This is a nice 2005 GMC Yukon with 156K miles on it, I am asked to look at on this nice and sunny morning. The customer complaint is that the Service Engine Soon lamp illuminates. I start the truck up and it runs quite well and the lamp is not on presently. I scan for current codes and get none. Scanning for history codes I get a P0171 (System lean bank 1), P0174 (System lean bank 2), and a P0101 (Mass Air Flow Performance). Now at this point most techs would say put a mass air flow sensor in it and send it on it's way. I need to be absolutely sure before I stick my neck out. So many factors could cause these codes from weak fuel pumps to glitchy connections at the mass air flow sensor to damaged air filters causing turbulence that would affect the mass air flow sensors calculations. So the first thing I do is a visual. You never know what you are going to find with your eyes.

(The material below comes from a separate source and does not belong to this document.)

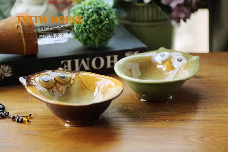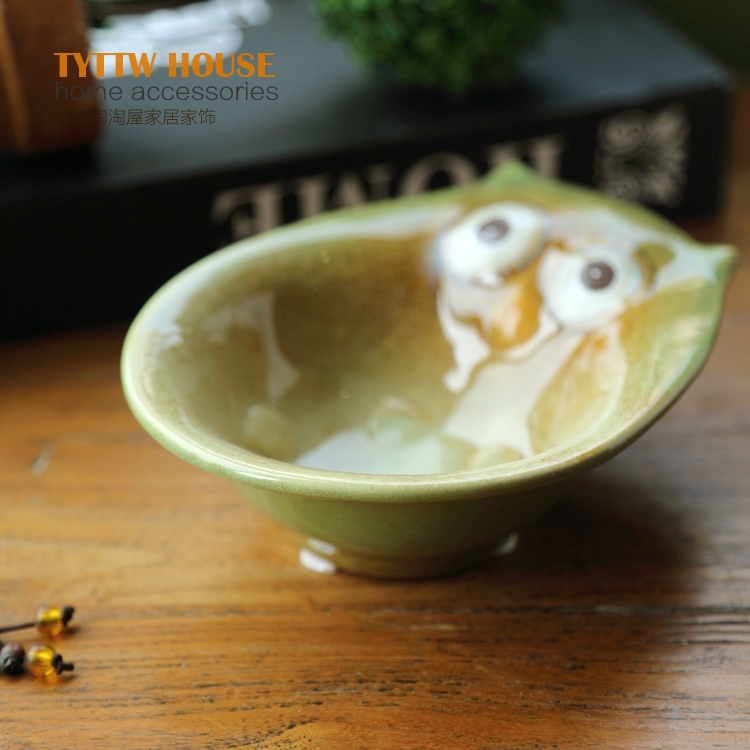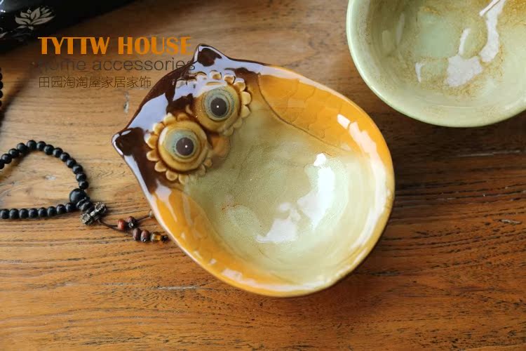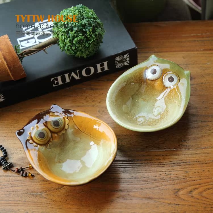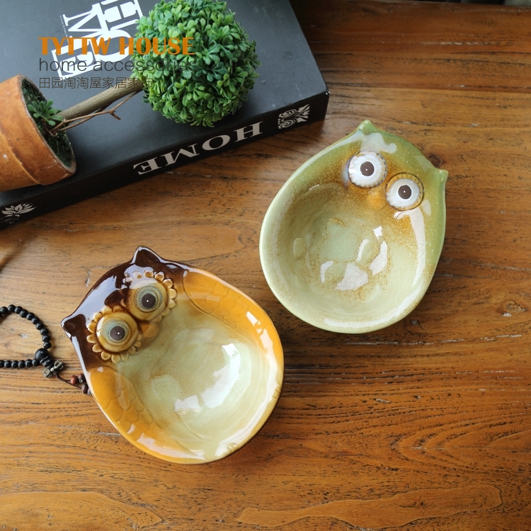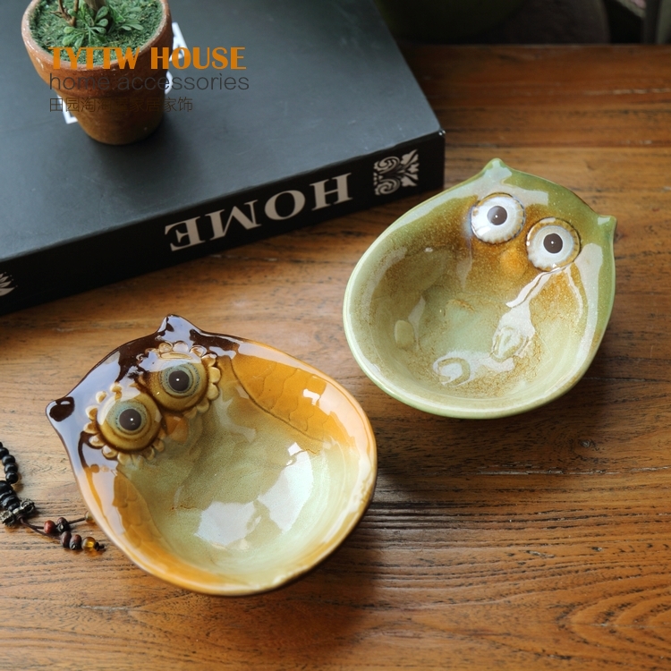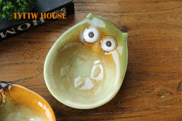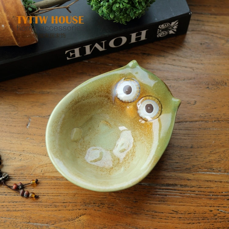 高溫彩色貓頭鷹陶瓷碟擺設裝飾堅果盤鑰匙盆肥皂盒煙灰缸擺件

Nothing amiss here. I check the air filter for fit and function as well as the air ducting. All seems to be in good working order. The mass air flow sensor is installed correctly as well. There are certain GM applications where the mass air flow can be installed incorrectly. There are arrows on the sensor indicating flow direction. I also look to see if there are any aftermarket air flow ducting, air filters, etc and make notes of it. It wouldn't be the first time I have seen the $450.00 chrome billet air flow tube that was supposed to give you 65 more horsepower causing issues such as this. Alright time to look at some scan data. These new generation GM V-8 motors have had their fair share of intake manifiold gasket issues. Looking at fuel trims at an idle and raced up show some pretty tight fuel control. Plus, looking at some freeze frame and failure records show me these codes set at mid range rpm's with the engine fully warmed up. Typical intake manifold gasket issues rear their heads more at low speeds and low engine temperatures.
Time to take a test drive. If you have been following my blog you know that I have been beating up my new scanner the Ottotest pretty bad. I decided to use it on this vehicle because of it's excellent graphing capabilities.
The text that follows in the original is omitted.